Why never “finding” your purpose is actually good news
At the beginning of the year, I found myself in a familiar place, not on my couch this time, but staring at my computer screen, paralyzed by the question of whether my work actually matters. The newsletter I was starting to pour hours into, the leadership development programs I design at work, the conversations I have with clients wrestling with their own meaning crises…do any of these create real value?
If this were me a decade ago, this feeling would have sent me spiraling into panic and self-blame. Now, I recognize it as my periodic invitation to wrestle with meaning anew. Instead of trying to solve the question intellectually, I followed Brooks’ advice: I took a notebook to a quiet coffee shop, left my phone in the car, and sat with paper and pen for 90 minutes.
- Why do things happen the way they do in my life? Because I chose work that puts me in direct contact with human complexity.
- Why do I do what I do? Because helping people navigate uncertainty feels more meaningful than providing easy answers.
- Why does my life matter? Not because I’m changing the world in some grand way, but because I’m contributing to conversations that help people think more clearly about what they value, which creates empowered choices for a fulfilling life.
The PhD I eventually completed, the career in leadership development I built, the newsletter I now write exploring human behavior—none of these emerged from solving my meaning crisis like an equation. They emerged from learning to dance with uncertainty, to find coherence in complexity, to build purpose from the pieces available to me, to discover significance in service to others grappling with similar questions.
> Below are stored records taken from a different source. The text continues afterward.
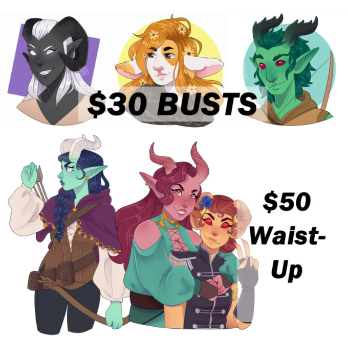 New prices and new examples of work from the past year!! I've been venturing with more experimental commissions with some willing commissioners, so feel free to ask about painting style or backgrounds, if you're willing to deal with that extra charge.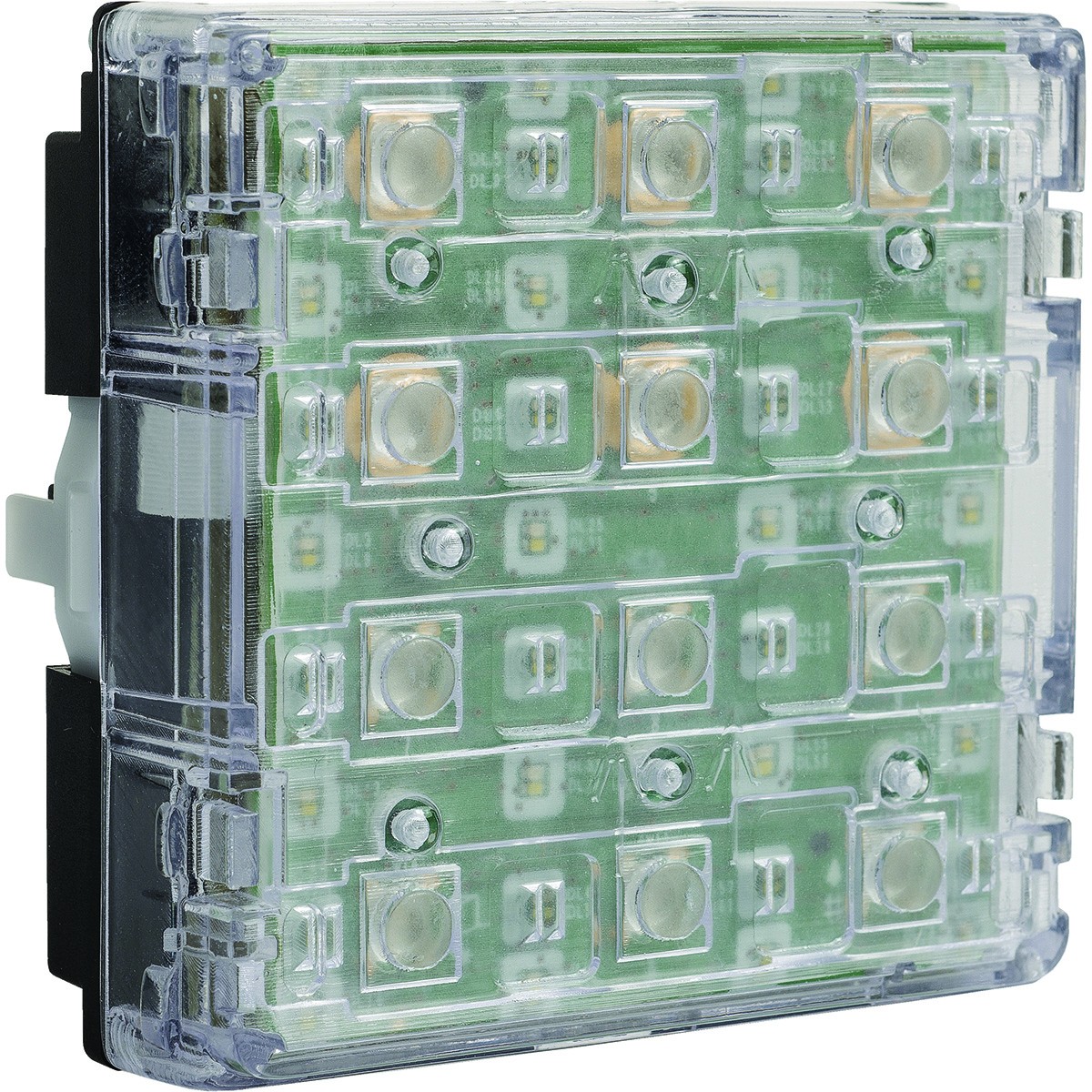 Backlighting is dual-colour (blue or white), with adjustable brightness via the main modules. It’s intended to be paired with the corresponding front panel, which gives IP54 protection for the assembled unit.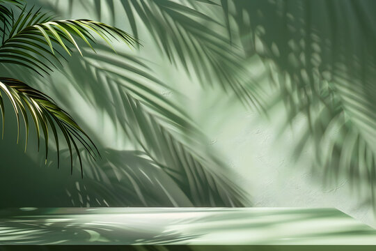 green background with tropical leaves and their shadow on the walls. empty studio for presentation. product demonstration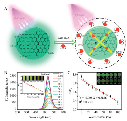| Fig. 4. (A) Schematic diagram of water content mechanism by B-GQDs. (B) FL spectra of B-GQDs for different water content in methanol (illustration shows the corrected working curve). (C) Linear curve of FL intensity of paper-based sensor for different water content in methanol. | |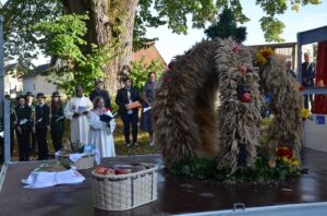 Auch dieses Jahr war heute Sonntag 3.10.2021 die Erntekrone der Pfarre Gschwandt, kunstvoll gebunden durch die Landjugend Gschwandt, per Auto in den verschiedenen Ortsteilen von Gschwandt unterwegs. Begleitet von Pfarrassistentin Anna-Maria MARSCHNER, Pfarrmoderator Thomas ADAMU und einer großen Delegation der Musikkapelle Gschwandt begann das Erntedankfest am Flachberg bei Familie SCHAUFLER, weiter ging es zum Gasthaus Baumgarten bei Fam. PAPST-SPIESSBERGER, nächste Station am Flughafen Gschwandt/Laakirchen, weiter zum Kindergarten Gschwandt und zuletzt dann am Pfarrplatz bei der Pfarrkirche Gschwandt, wo dann Pfarrer Alois KAINBERGER mit Anna-Maria MARSCHNER die Andacht begleitete und die Goldhauben,-Kupftuch,- und Hutgruppe mit vielen Gläubigen anwesend waren.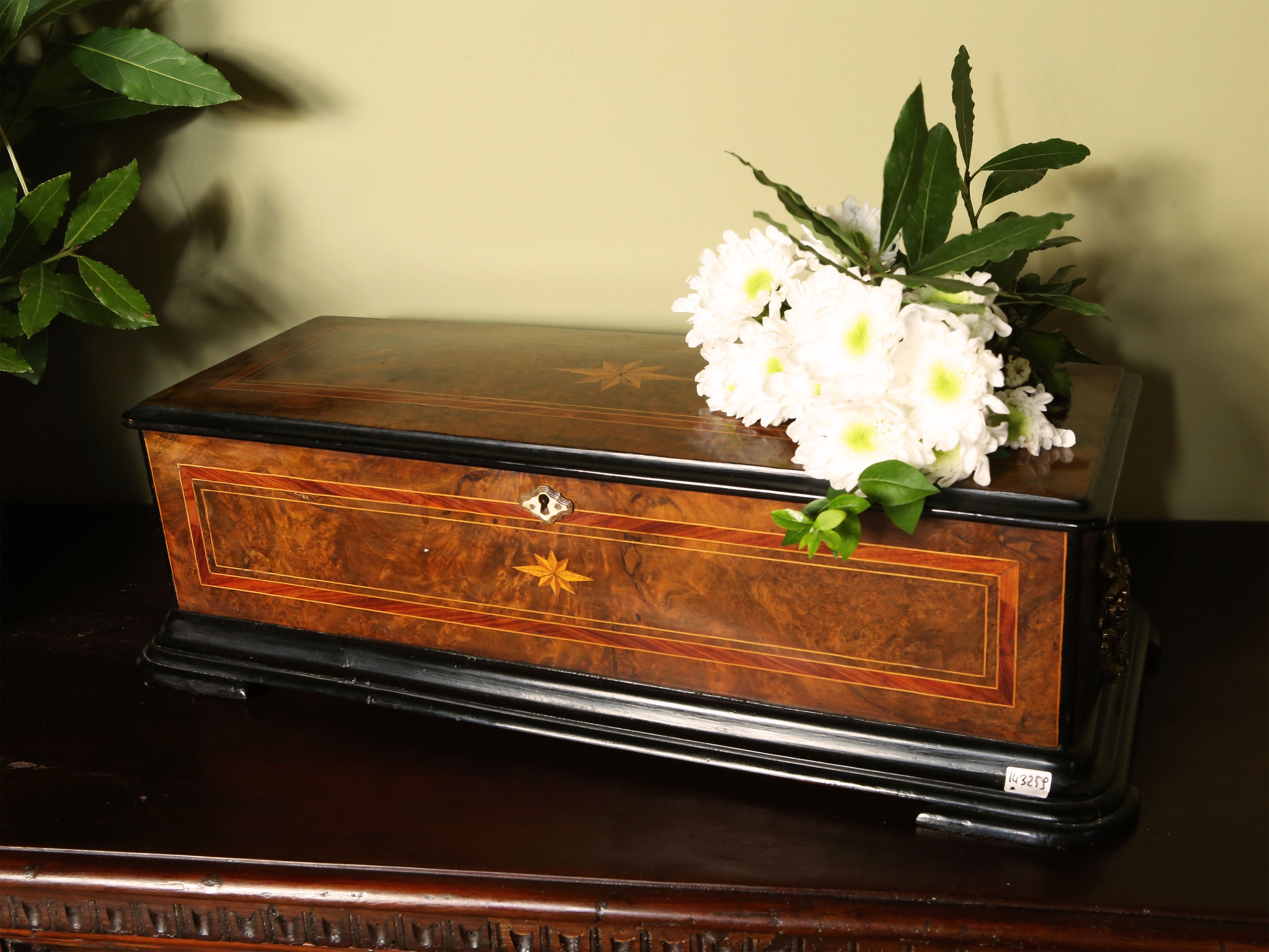 seconda metà del XIX secolo intarsiato con filettature e motivo di rosa dei venti, dettagli ebanizzati, maniglie in metallo, lievi difetti
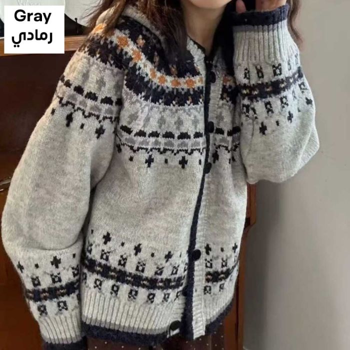 - Loose Fitting Cardigan With Long Sleeves and Hood For Women
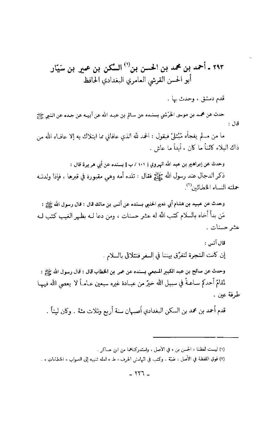 وحدث عن إبراهيم بن عبد الله الهروي بسنده عن أنس بن مالك قال: قال رسول الله صَلَّى اللهُ عَلَيْهِ وَسَلَّمَ: من بدأ أخاه بالسلام كتب الله له عشر حسنات، ومن دعا له بظهر الغيب كتب له عشر حسنات.

Brooks taught me that meaning isn’t a destination but a way of traveling. The wrestling never gets easier, but we can find joy in the difficulty. We can flip the struggle from adversarial to collaborative, letting each crisis of meaning teach us something new about ourselves and what we value. More importantly, we can get faster at moving from existential paralysis to purposeful action.
For my soccer-playing self, trapped in the belief that meaning should be permanent and given, providing a solid, sensible structure to one’s life, this would have sounded like terrible news. But it’s actually liberating.
It means we’re never stuck. It means every ending contains the seeds of a new beginning. It means the next time you find yourself questioning everything (and you will), you don’t have to panic. You can grab a notebook, find a quiet space, and ask yourself the three questions that matter most. It means the voice in your head saying “I can’t” is just the first bid in a negotiation, not the final word.
There’s a strange irony in the search for meaning: the harder you chase it, the more elusive it becomes. But learn to wrestle with the question instead of demanding an answer, and meaning stops running. It starts dancing. Just like that perfect touch I used to feel on the field, you can’t force the magic. You can only create the conditions for it to appear. Complex problems, it turns out, prefer partners to pursuers.